Adrianus Teunis "Aad" de Hoop (born 24 December 1927) is a Dutch electrical engineer, mathematician, and physicist, and professor emeritus at Delft University of Technology. De Hoop's research interests are in the broad area of wavefield modeling in acoustics, electromagnetics, and elastodynamics. Other research includes a method for computing pulsed electromagnetic fields in strongly heterogeneous media with applications to integrated circuits, and a methodology for time-domain pulsed-field antenna analysis, design, and optimization for mobile communication and radar applications.

==Early life and education==
De Hoop was born in Rotterdam, Netherlands in 1927. He received his MSc in electrical engineering in 1950 and his PhD in technological sciences in 1958, both cum laude from Delft University of Technology. He is the namesake of the Cagniard-de Hoop method, a modification of the Cagniard method.

==Career==
De Hoop worked as an assistant professor (1950–1957), associate professor (1957–1960), full professor (1960–1996), and Lorentz Chair emeritus professor (1996–present) for Delft University of Technology, his alma mater. He taught electromagnetic theory, applied mathematics, electrical engineering, mathematics, and computer science. In 1970, he founded the Laboratory of Elecromagnetic Research at Delft; this has since developed into a world-class center for electromagnetics. He spent a year in 1956 as a research assistant at University of California's Institute of Geophysics in Los Angeles in the United States. During his time there, he created a modification of the Cagniard method for calculating impulsive wave propagation in layered media. This modification was later called the Cagniard-de Hoop method and is now considered a benchmark tool in analyzing time-domain wave propagation. He spent a year-long sabbatical at the Philips Natuurkundig Laboratorium in Eindhoven working on magnetic recording theory. Among his PhD students was Jacob Fokkema, later rector at Delft 2002–2010.

Since 1982, De Hoop has been a regular visiting scientist at the Schlumberger-Doll Research Center, formerly located in Ridgefield, Connecticut and now in Cambridge, Massachusetts in the United States. Here, he contributes to research on geophysical applications of acoustic, electromagnetic, and elastodynamic waves.
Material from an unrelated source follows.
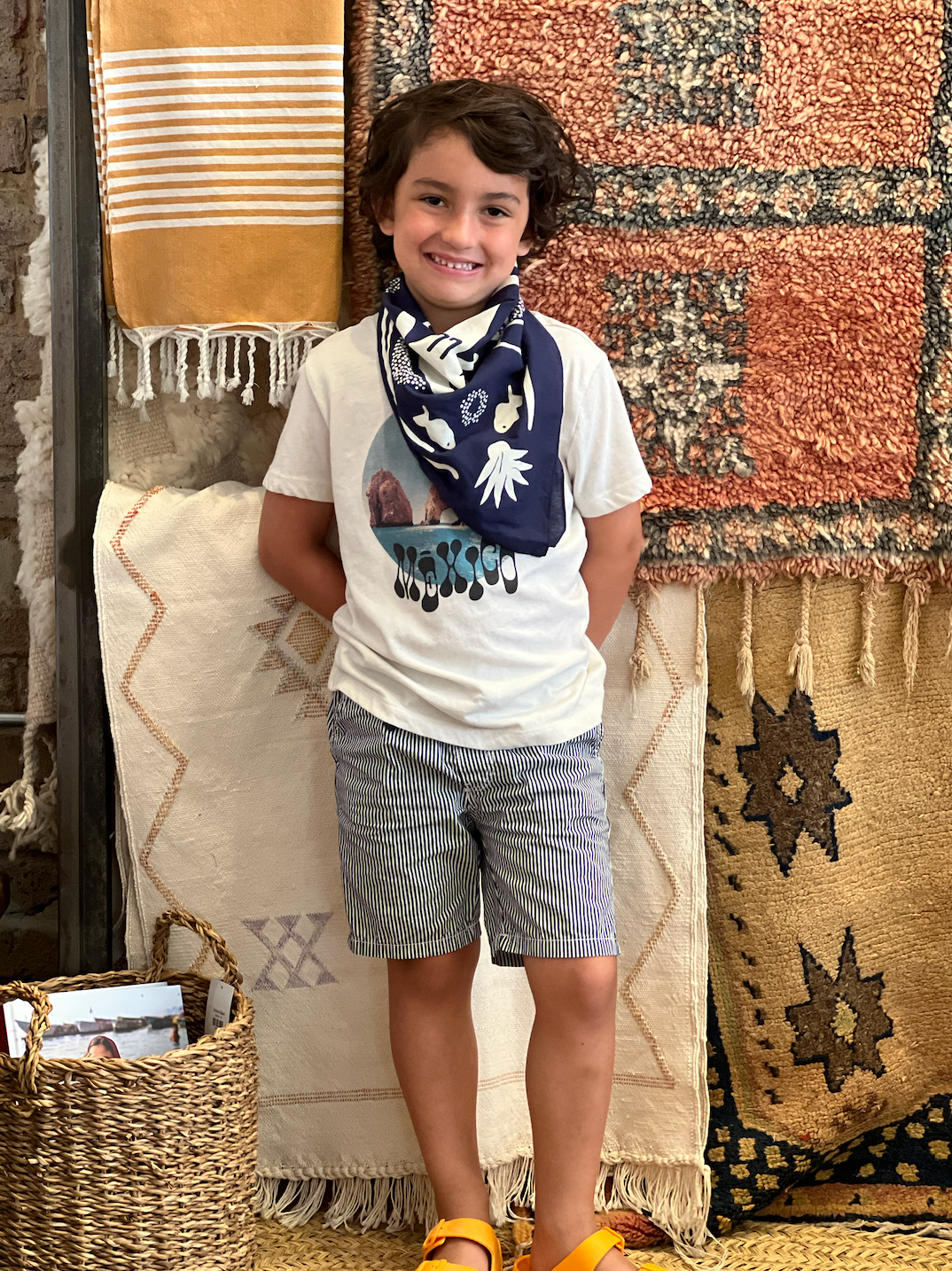 A super soft bandana designed with pops in mind. I mean who doesn't love beachy vibes with a nod to one of our favorite Dallas Mavericks. Luka Doncic, number 77.

Grants from the Stichting Fund for Science, Technology and Research, founded by Schlumberger, supported his research in Delft.

In 1995, he published the Handbook of Radiation and Scattering of Waves.

==Honours==
- 1981: Honorary doctorate in applied sciences - University of Ghent
- 1989: Research Medal - Royal Institute of Engineers, Netherlands
- 1989: Membership - Royal Netherlands Academy of Arts and Sciences
- 2001: Heinrich Hertz Medal - Institute of Electrical and Electronics Engineers
- 2002: Balthasar van der Pol Gold Research Medal - International Scientific Radio Union
- 2003: Knighthood - Order of the Netherlands Lion
- 2008: Honorary doctorate in mathematical, physical, and engineering sciences - Växjö University
- Foreign member - Royal Flemish Academy of Belgium for Science and the Arts

==Personal life==
He performs choral music with the Rotterdam Philharmonic Choir and plays piano in his spare time. Prior to suffering a cerebral infarction in 2012 that left him paralyzed on the left side of his body, he cycled daily from his home in Bergschenhoek, where he lives with wife Annelies, to Delft.